### WHAT TO WORK ON:
Take the line that contains "In a semi-open-plan" and each line after it to the end of the data below, and set them down exactly, omitting pictures.

--- DATASET SECTION ---

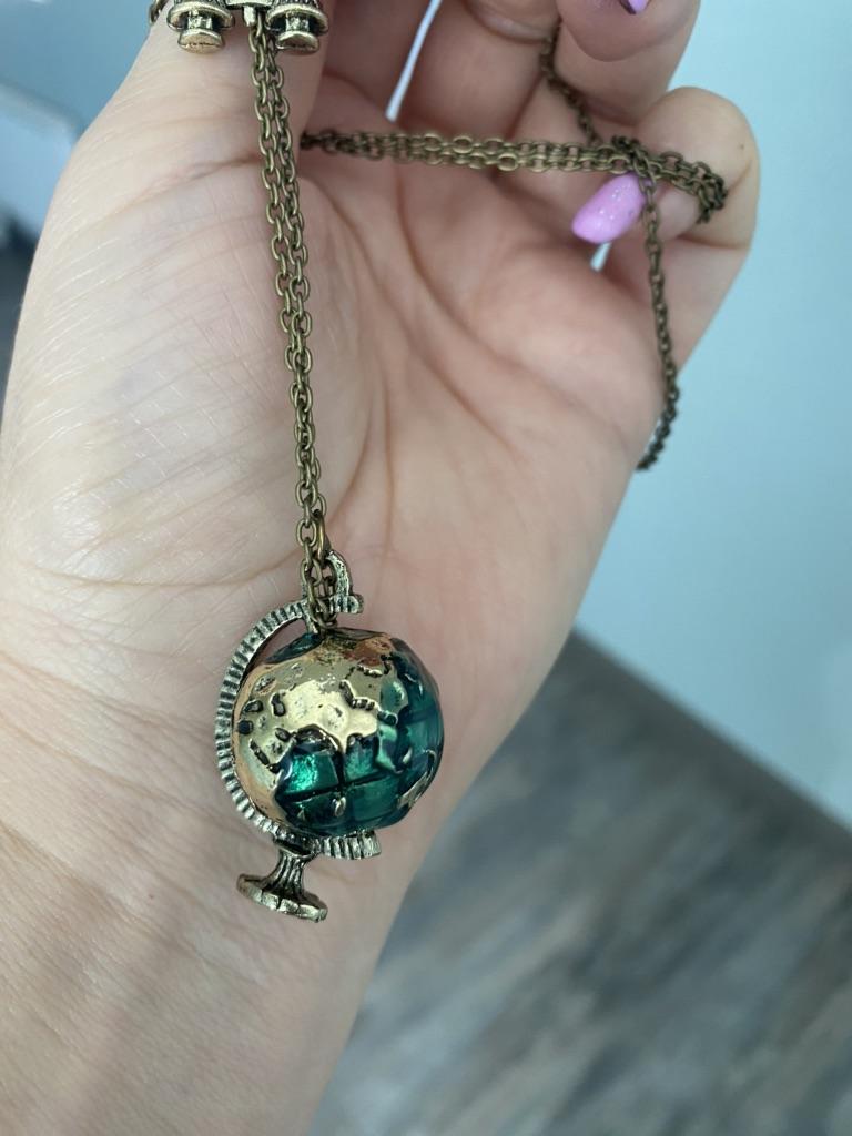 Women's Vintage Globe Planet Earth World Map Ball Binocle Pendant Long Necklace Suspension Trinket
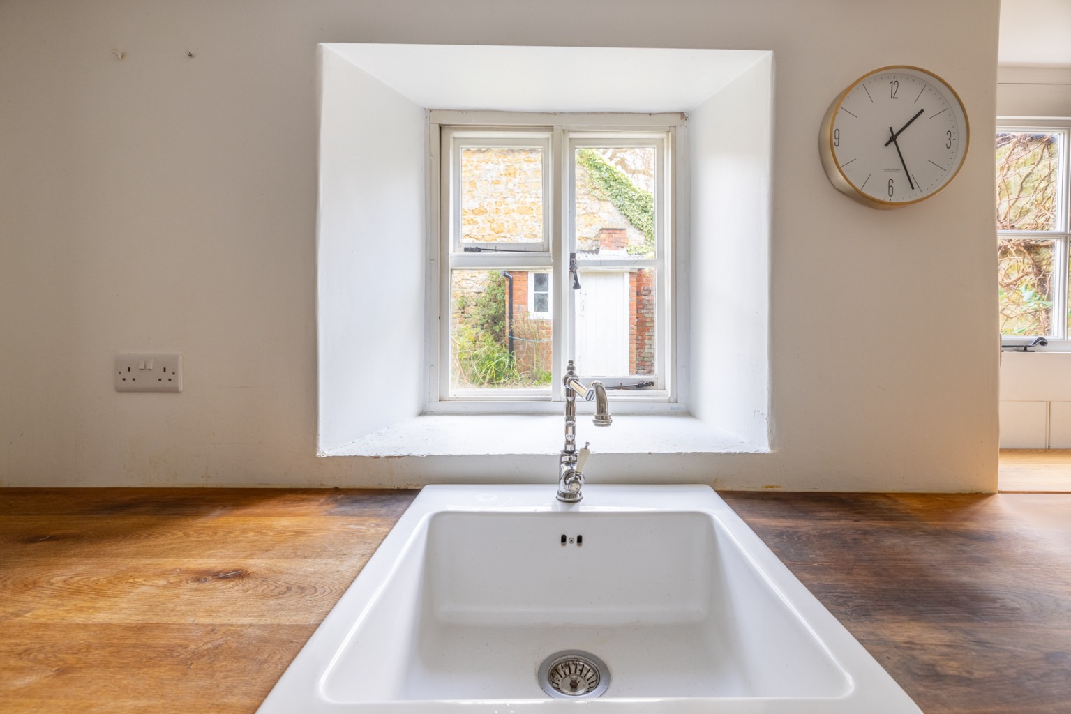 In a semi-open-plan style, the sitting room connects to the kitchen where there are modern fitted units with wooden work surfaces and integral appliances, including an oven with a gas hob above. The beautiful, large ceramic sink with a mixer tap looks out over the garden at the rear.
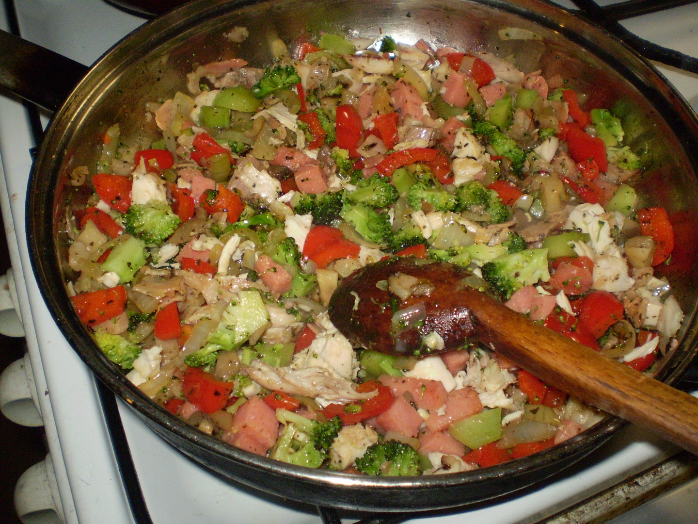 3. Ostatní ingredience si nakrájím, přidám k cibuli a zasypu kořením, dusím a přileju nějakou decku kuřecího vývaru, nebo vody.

---

### ANSWER TO THIS PROBLEM:
 In a semi-open-plan style, the sitting room connects to the kitchen where there are modern fitted units with wooden work surfaces and integral appliances, including an oven with a gas hob above. The beautiful, large ceramic sink with a mixer tap looks out over the garden at the rear.
 3. Ostatní ingredience si nakrájím, přidám k cibuli a zasypu kořením, dusím a přileju nějakou decku kuřecího vývaru, nebo vody.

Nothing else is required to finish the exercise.